Davenport, Guy

November 23, 1927–2005

Davenport considered himself a teacher foremost and his writings as “an extension of the classroom,” the creative component of a searching mind.

Writer, educator, illustrator. Davenport was born in Anderson on November 23, 1927, the son of Guy Mattison Davenport and Marie Fant. He showed a literary inclination from an early age. When he was twelve he created his own “newspaper,” The Franklin Street News, precociously reporting on “visits, birthdays, the births of kittens and puppies.” As a child, Davenport received private tutoring at Anderson College. He went on to study at Duke (B.A., 1948) and Oxford (B.Litt., 1950) on a Rhodes scholarship, where he wrote his thesis on James Joyce’s Ulysses. He served with the Army Airborne Corps (1950–1952) and began his teaching career at Washington University in St. Louis (1952–1955). In 1952, while conducting research for an article, he formed a lasting acquaintance with the modernist poet Ezra Pound. Subsequently he visited the writer during his imprisonment at St. Elizabeth’s Hospital for the Insane. When Davenport completed his Ph.D. at Harvard (1961), Pound was the subject of his dissertation.

Davenport considered himself a teacher foremost and his writings as “an extension of the classroom,” the creative component of a searching mind. In 1963 he started teaching at the University of Kentucky, an institution that he has been associated with ever since. He was honored with the Alumni Distinguished Professor citation in 1983, retired in 1991, and became a professor emeritus in 1992.

Davenport was also a prolific writer in multiple genres and an illustrator for his own books and others. He authored more than twenty books, including two poetry collections. He also published book-length translations of classical texts by Sappho, Diogenes, and Heracleitus. Davenport’s articles appeared in Virginia Quarterly Review, Life, New York Times Book Review, and National Review, where he was a contributing editor (1962–1983). His interest in the history of ideas and his broad learning imbued his fiction with its rarefied texture: it was densely allusive, frequently experimental, and classically informed. He described his stories as “lessons in history.” Davenport’s stories require close reading, appropriate for a man who proclaimed that “[a]rt is always the replacing of indifference by attention.”

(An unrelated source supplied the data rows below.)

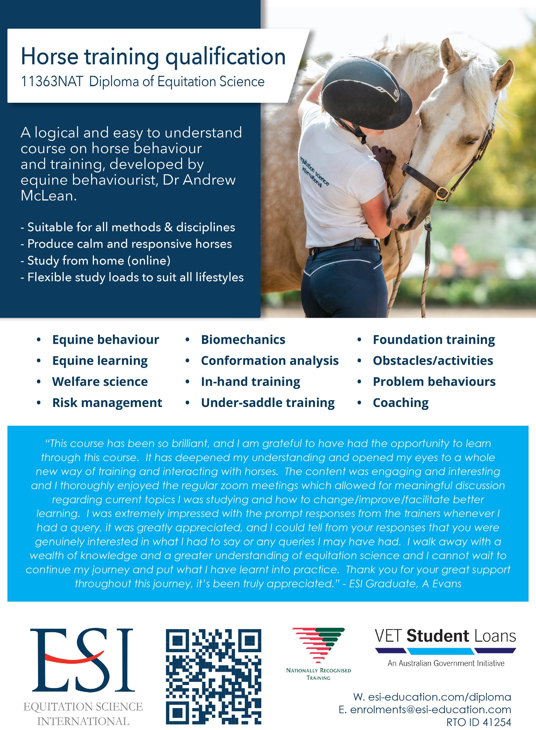 Andrew is the CEO of Equitation Science International, and an Honorary Fellow of the International Society for Equitation Science. He's a member of both the FEI's Equine Welfare Advisory Group - tasked with providing independent advice on the FEI's Equine Welfare Strategy - and their Ethical Training Methods Expert Consultative Group. In this issue, he goes in depth on understanding the horse’s mind and how they learn.
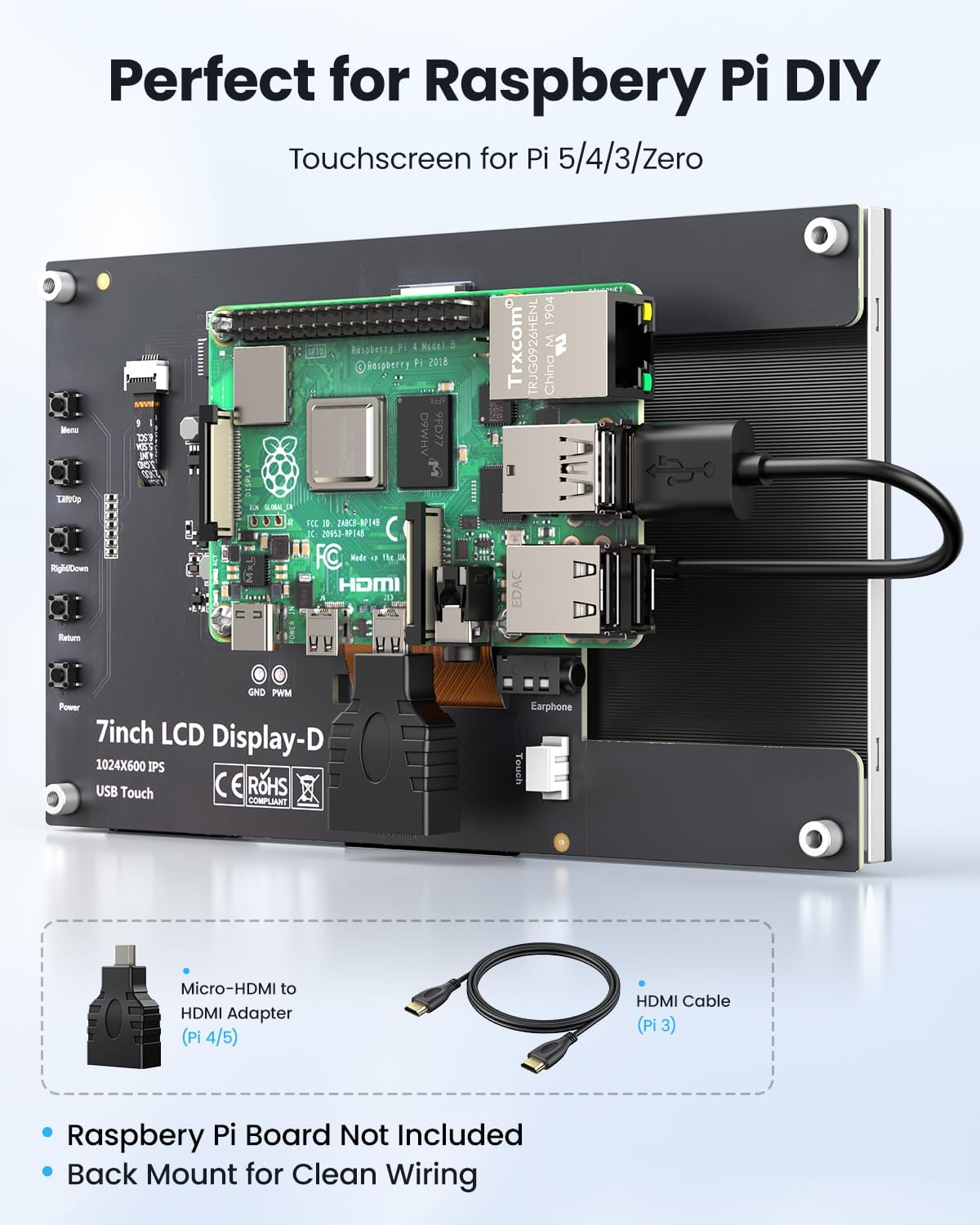 ADAPTER FOR EASY CONNECTION: Designed with developers in mind, this Raspbery Pi screen includes a micro HDMI to HDMI adapter for full compatibility with Raspberry Pi 5/4/3 and other HDMI-enabled devices. Perfect for prototyping, hardware testing, or everyday use
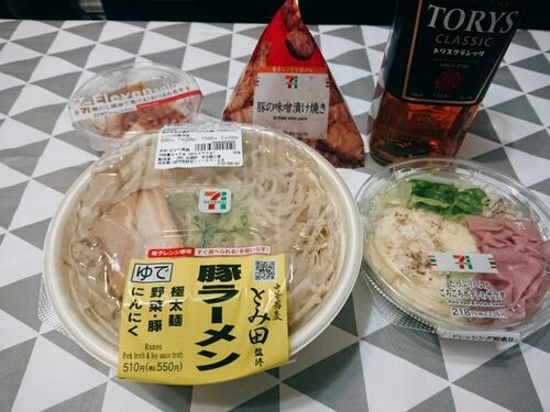 本日の晩酌のお供はこちら セブンイレブンの 豚の味噌漬け焼き たっぷりハムとポテトサラダ とみ田監修豚ラーメン おつまみ長芋(前回の余りもの) それではビールをセットして乾杯 まずはこちら おつまみ長芋で一杯やってきます この長芋 セブンおつまみラン…
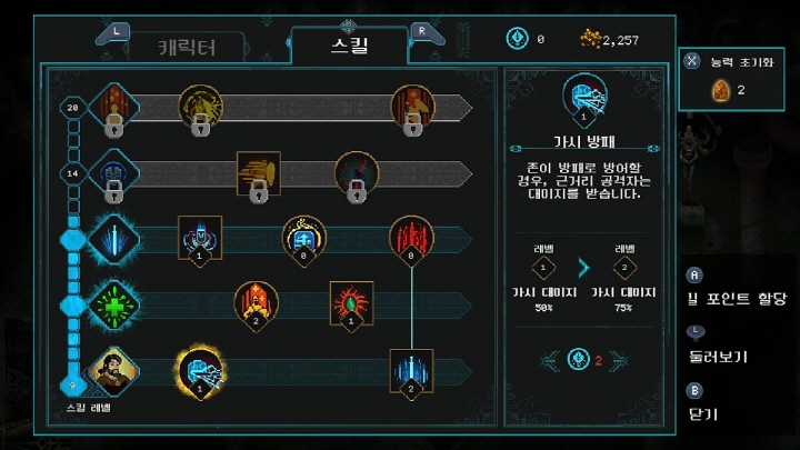 스킬트리 시스템도 없습니다. 캐릭터들의 액티브 스킬은 처음부터 모두 사용 가능합니다. 패시브 스킬이 없어진 대신, 매 라운드를 진행할 때마다 제시되는 3개의 랜덤한 업그레이드 중 하나를 고르게 됩니다. 이러한 진행방식이 슈퍼자이언트 게임즈의 <하데스>와 닮아 일부에서는 ‘<하데스> 모드’로 부르고 있습니다.
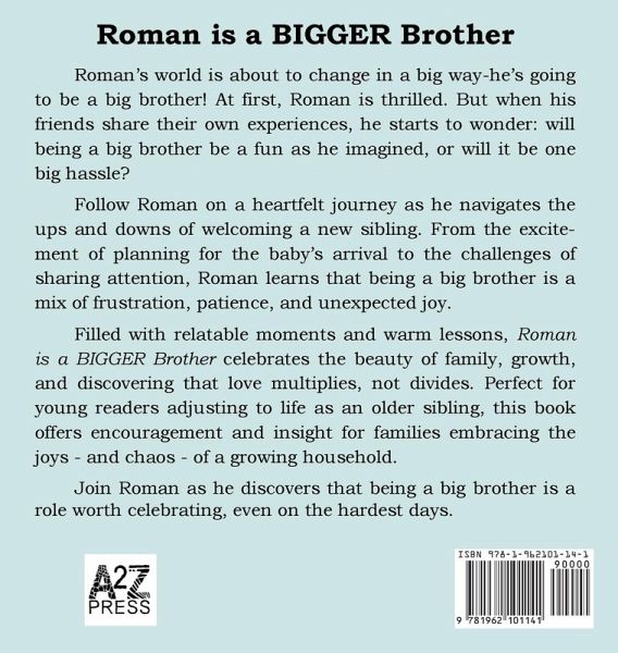 Roman's world is about to change in a BIG way- he's going to be a big brother! At first, Roman is thrilled but when his friends share their own experiences, he starts to wonder: will being a big brother be as he imagined or will it be one big hassle? One of Roman's friends tell him how wonderful it is to be a big brother and another says 'not so much.' Roman wonders how it will really be to be a BIGGER brother. When mom goes to the hospital to have the new arrival, Roman and Harley find that being a BIGGER brother is very fun and rewarding. Come, see how Roman becomes a BIGGER brother.
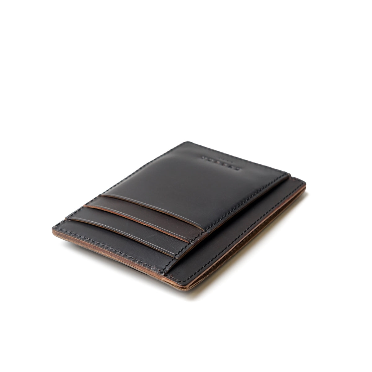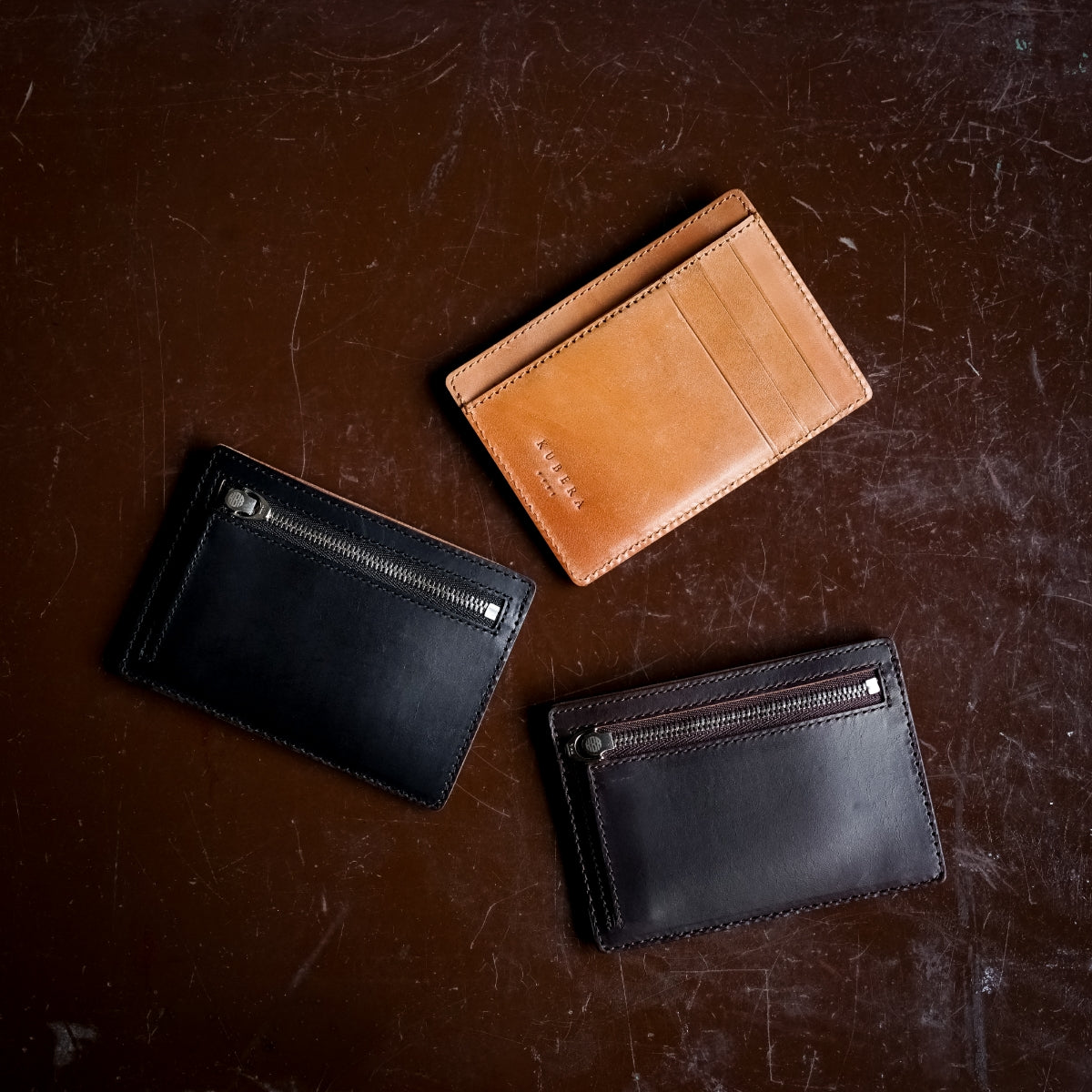 馬革の中でも堅牢性に優れた希少部位「ホースバットストリップ」で仕立てた薄型多機能カードケース。フラグメントケースとも言われる、必要最小限のカードや現金などを持ち運ぶための機動性・携帯性に優れたミニ財布です。

Representative volumes of Davenport’s short stories include Da Vinci’s Bicycle: Ten Stories (1979) and Twelve Stories (1997). The Geography of the Imagination (1981) and Every Force Evolves a Form (1987) collect sixty of Davenport’s highly regarded critical essays, touching on such provocative thinkers as Ludwig Wittgenstein, Charles Olson, and Samuel Beckett. An intellectual jack-of-all- trades, Davenport was a South Carolinian who became an internationally respected man of letters.

Crane, Joan, and Richard Noble. Guy Davenport: A Descriptive Bibliography, 1947–1955. Haverford, Pa.: Green Shade, 1996.

“Guy Davenport.” In Contemporary Authors, New Revision Series. Vol. 73. Detroit: Gale, 1981.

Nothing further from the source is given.